I recognize that deadening. I've already met the flat version of myself once (in a blister pack). The difference is that I knew the medication was temporary scaffolding. Shielding, sold as a lifestyle, never tells you that.

Protective tools are not supplements for better health. I didn't stay on antipsychotics as a permanent supplement; as the situation improved, so did the way I took care of myself. The thing I noticed in the spiritual community: it asks for measures that translate to walking with a condom on twenty-four hours a day, a precaution against possibility itself. Most of the time, you're protected from unprotected sex by simply not having sex.

Is spiritual protection protecting at the depth it aspires to? And what even is "spiritual" back there?

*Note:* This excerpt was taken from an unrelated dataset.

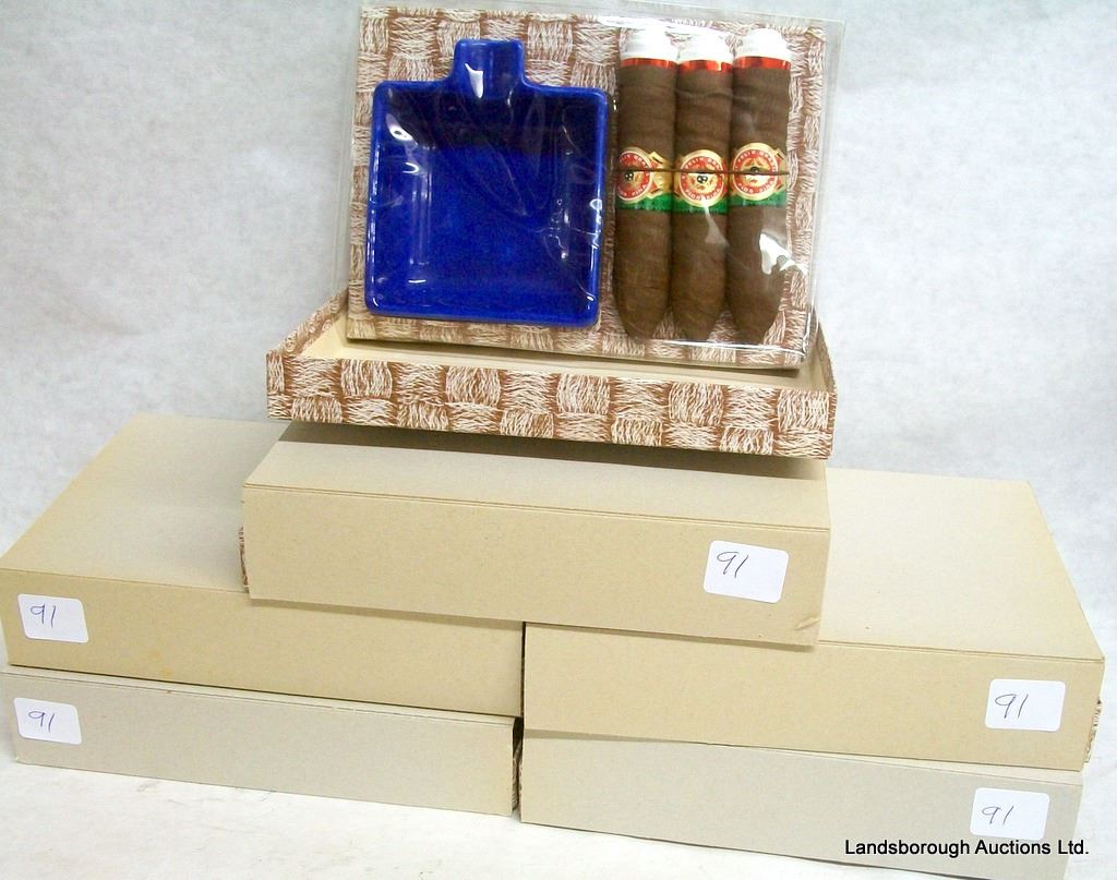 SIX GERMAN MADE HANDERCHIFS FASHINED LIKE CIGARS, COMES WITH ASHTRAY.

    Too much of the protection vocabulary is repackaged psychology with a chakra sticker. Setting limits becomes "shielding." Ending an unhealthy attachment becomes "cutting cords." Saying no becomes "psychic self-defense." Add some colored light, visualize, and you're basically hearing what you'd get in therapy, now with metaphysical branding. That's fine if what you want is mental-body hygiene. But if you wanted a tool that touches a layer deeper than the psychological and behavioral, you've been handed the same mechanism: will, cognition, and imagination.

Should spiritual protection be about using spiritual practices as protection, or about protecting what belongs to the spiritual realm of daily human existence?

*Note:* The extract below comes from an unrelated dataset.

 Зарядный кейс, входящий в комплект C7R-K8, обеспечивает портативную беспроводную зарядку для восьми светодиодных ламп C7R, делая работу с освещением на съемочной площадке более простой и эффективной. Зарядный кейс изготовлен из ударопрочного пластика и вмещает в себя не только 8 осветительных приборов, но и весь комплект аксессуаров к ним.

If I imagined it as the latter, I would distinguish, above all, these areas.

The subtle architecture - energy bodies, field, centers. This can sustain something closer to genuine structural damage: not the drama of a directed attack, but a center chronically overloaded, organized around a wound, operating at a developmental level inconsistent with the rest of the system. Protecting it means knowing what its optimal configuration is and having reliable ways to return to it.

The spirit itself - the Witness whose house we visited in parts 1 and 2. The one we should protect, sometimes, from ourselves: from choosing self-abandonment, from trading our own direct knowing for someone else's version, from choosing the approved answer over the one that's actually alive in us.

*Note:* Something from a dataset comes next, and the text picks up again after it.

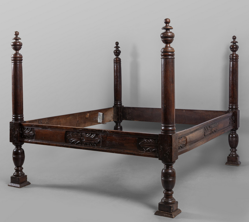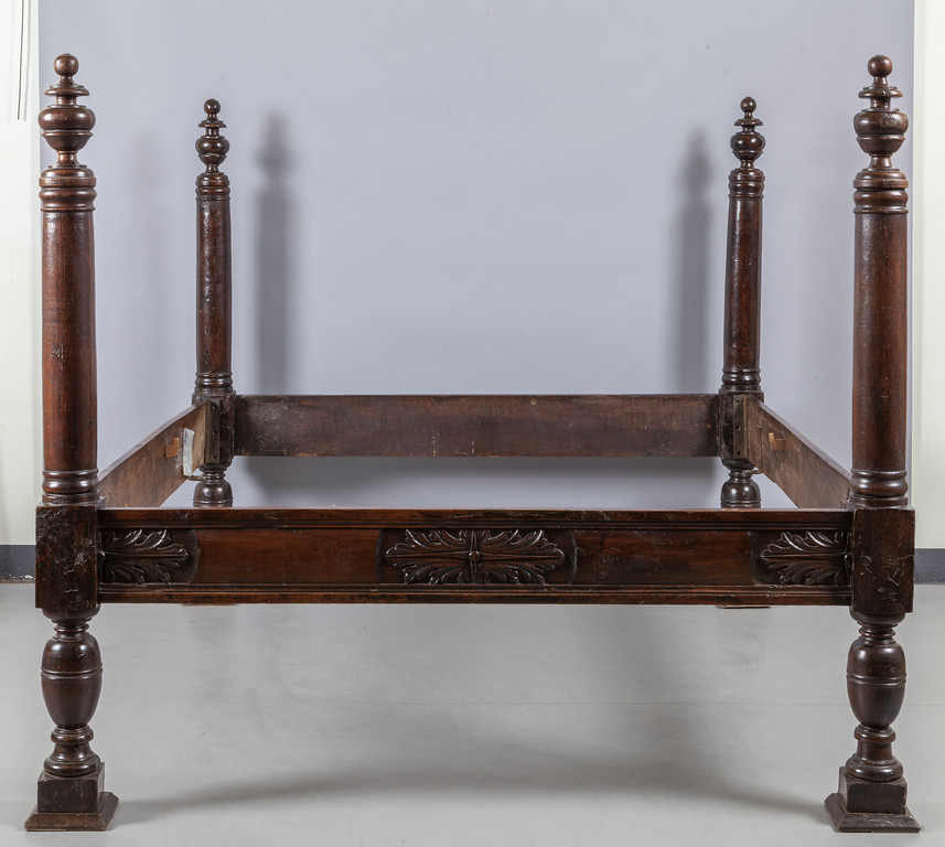 Letto a colonne in noce frontale intagliato Toscana sec.XVII

The channel - the specific connection between your embodied self and spirit. It can be obscured, jammed, made to transmit noise. Protecting it means clearing what's in the way, developing the discrimination between signal and mimicry, and actually using it, because unused channels atrophy.

There are no techniques and step by step instructions. I could not bring myself to develop such. What I feel is needed is a different approach towards protection.

So I'll stop saying spiritual and start saying subtle.

Subtle protection isn't something you do. It's something your architecture is - developed to the point where it handles most intrusion without your conscious involvement and alerts you clearly when something needs attention. It draws on the etheric body's native capacity to open and close, developed through physical practice, not will. On the emotional body's capacity to tell your material from someone else's, developed through emotional processing, not shielding. On the causal body's capacity to hold identity steady under pressure, developed through lived self-authorship, not ritual.

As a phrase, subtle protection should mean one thing: keeping clear what connects you to what's real. I lost that connection once and got it back the long way. The house is yours. Now you have to live in it.

Your phone doesn't need a screen protector. It needs to be used carefully, like it matters. A scratched screen still works - which is more than you can say for a protector thick enough to stop every scratch. That one stops your finger too.